ActiveRecord::Base.include_root_in_json = true

# Use ISO 8601 format for JSON serialized times and dates
ActiveSupport.use_standard_json_time_format = true

# Don't escape HTML entities in JSON, leave that for the #json_escape helper
# if you're including raw json in an HTML page.
ActiveSupport.escape_html_entities_in_json = false
$ git add config/initializers/new_defaults.rb
$ git commit -m "Added new defaults initializer"

Update RSpec for Rails 2.1

A necessary step in verifying that the Insoshi application is working under Rails 2.1 is to get the test suite to pass. Our tests are written using RSpec, but older versions of RSpec don’t work with Rails 2.1, so we can’t even run the test suite. D’oh!

Since the old plugins don’t work, first we remove them:

$ git rm -r vendor/plugins/rspec*
$ git commit -a -m "removed outdated RSpec plugins"

Then we need to install the most recent versions of the RSpec plugins from GitHub:

$ script/plugin install git://github.com/dchelimsky/rspec.git
$ script/plugin install git://github.com/dchelimsky/rspec-rails.git
$ script/generate rspec

In my case, I was careful not to overwrite spec_helper.rb when running script/generate rspec in the last step, as the current spec helper contains several custom modifications that I didn’t want to lose.

Then we need to add the changes:

$ git add .
$ git commit -a -m "Added latest RSpec plugins from GitHub"

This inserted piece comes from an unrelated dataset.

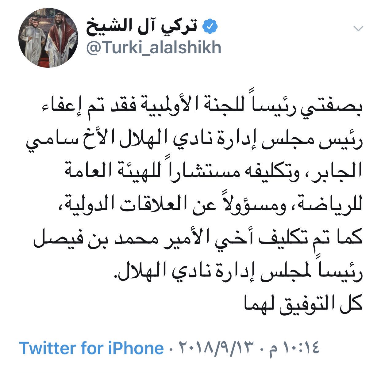 كتب سامي الجابر عبر حسابه بموقع التواصل الإجتماعي تويتر. وليصل لك كل جديدنا تابعنا بتويتر. ويأتي التغيير في رئاسة الهلال بعد أربعة أيام من.

By the way, running specs from the command line won’t work:

$ spec spec/models/person_spec.rb
Your RSpec on Rails plugin is incompatible with your installed RSpec.

RSpec          : 20080526202855
RSpec on Rails : 20080628203842

To fix this, you can use script/spec in place of spec, or you can upgrade to the latest RSpec gem using the RSpec source from GitHub:

$ cd ~/tmp
$ git clone git://github.com/dchelimsky/rspec.git
$ cd rspec
$ rake gem
$ sudo gem install pkg/rspec-1.4.1.gem

(All of Insoshi’s tests use RSpec, but if you use Test::Unit you should know that as of Rails 2.1 default tests can’t be run at the command line using the ruby executable; for tests generated by Rails 2.1, you now have to include the test directory explicitly using the -I test flag. For a hypothetical resource foobar, for example, you would get this:

$ script/generate scaffold foobar baz:string
$ ruby test/functional/foobars_controller_test.rb
test/functional/foobars_controller_test.rb:1:in `require':
no such file to load -- test_helper (LoadError)
        from test/functional/foobars_controller_test.rb:1

It passes if you tell ruby about the test directory:

$ ruby -I test test/functional/foobars_controller_test.rb
Loaded suite test/functional/foobars_controller_test
Started
.......
Finished in 0.24375 seconds.

7 tests, 13 assertions, 0 failures, 0 errors

(N.B. Using rake still works fine.) It’s unclear why the Rails Core team decided to make this change, but it’s a definite gotcha so I thought it deserved mention.)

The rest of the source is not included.